Volume 6, #1 September 12, 2001 POLITICS WITH BITE! CONTACT HELP previous BACK ISSUES next
A FORUM FOR ANTI-AUTHORITARIAN POLITICAL OPINION, RESEARCH AND HUMOR

Plan Colombia, Up Close and Ugly

by Dr. Robert A. Doan

La Paz, Bolivia--7/13/01. While traveling through South America recently, my wife and I crossed the border from Peru into Bolivia. Within the first 75 miles we became stuck in a nearly four-hour shutdown of the Pan-American Highway miles north of La Paz. This was just one in a month-long series of highway shutdowns/blockades throughout the northern part of the country carried out by peasants, most of whom are Indiginos (Indians), protesting the Bolivian government's policy of coca eradication.

This policy is strongly supported and funded by the United States through Plan Columbia. Such support from the US has been ongoing since the Nixon Administration, but has accelerated greatly since 1997, and has expanded further under Plan Columbia. Many Americans know that the plan is sending $1.3 billion to aid the efforts of the Colombian government to defeat guerrillas who allegedly protect and profit from the international coca trade--a policy whose cost and possibilities of success are a source of contention.

Beyond this, however, we are also sending increasing millions of dollars to Andean governments, especially Bolivia, in order to convince (coerce?) them to greatly decrease coca production. Since 1997, production has decreased by about 75% in Bolivia, almost eliminating that part of the crop which goes to the international cocaine trade. Now, however, we want Bolivia to further decrease coca production.

This is what the peasants are protesting, because hundreds of thousands of them make their living from coca cultivation for domestic Bolivian consumption. In Bolivia, as well as in Peru and Ecuador, coca leaves are grown legally (although cocaine--chemically synthesized from coca--is illegal), and have been for centuries. They've have been used for thousands of years. Bolivians use it the way we drink coffee and tea. In fact, tea is made from it in the Andes, with about as much effect on the human nervous system or as much social disruption as coffee in the US. Coca has long been chewed in small amounts in the high Andes in order for daily work to proceed. It is therefore an important domestic cash crop.

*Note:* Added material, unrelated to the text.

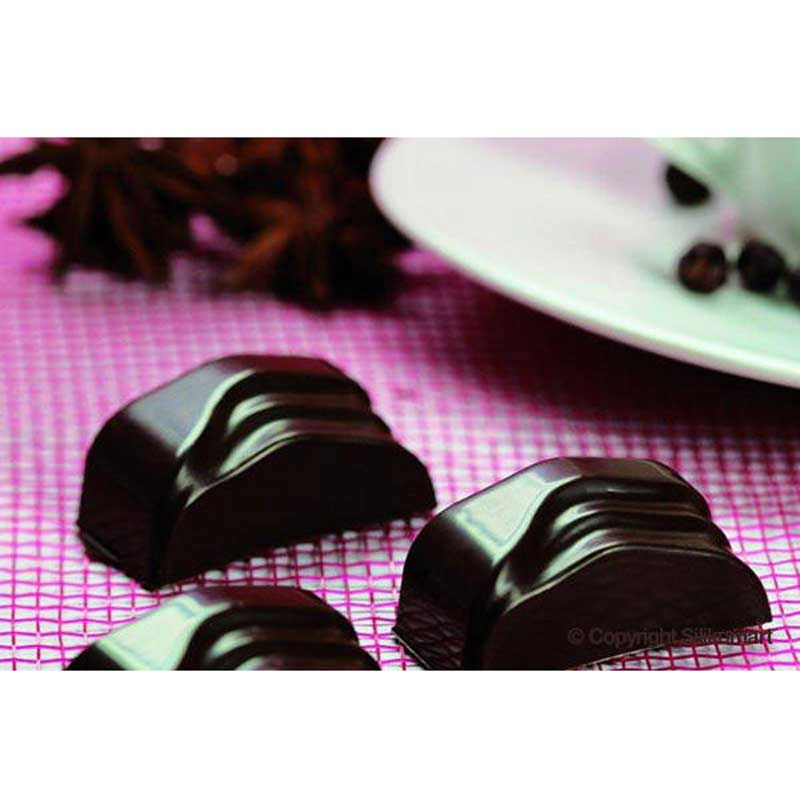 Forma din silicon alimentar pentru realizarea de: praline din ciocolata, bomboane din jeleu, mousse-uri, aspic, minideserturi sau cuburi de gheata speciale pentru cocktail-uri.

Beyond this, the Andean Indians still consider it a sacred crop granted to them by the Gods. Yet, American policymakers seem wholly indifferent to these beliefs. Our government's only concern is to eliminate world coca production, so as to lessen North American cocaine consumption and abuse. (Imagine if China demanded that our farmers stop growing tobacco because millions of their citizens smoke too much.)

The protesting Bolivian peasants understand, and are reacting to, what any thoughtful North American already knows: that cocaine abuse is a North American problem--not a South American one. We should accept that fact and not push the problem off on the poorest inhabitants of our hemisphere. At the minimum we should agree to favor imports of agricultural products from Andean nations, so as to allow peasants whose livelihood is threatened some alternative crops for income. (This, however, conflicts with our present globilization philosophy of free trade--but that's another issue). Better yet, we would have much better success spending Bolivia's Plan Columbia money--as well as the high cost of incarceration of small time drug users--on reducing our demand, by funding many more drug treatment programs and more drug education, such as in hospitals, schools, and in places of employment. We need to accept that we have the social problems that lead many to cocaine abuse and addiction, and not push the problem onto the poorest and most defenseless of South Americans.

Long ago we denied Indians of North America their birthrights. Let's not deny the same to their (and our) brothers and sisters in South America, just because we lack self control.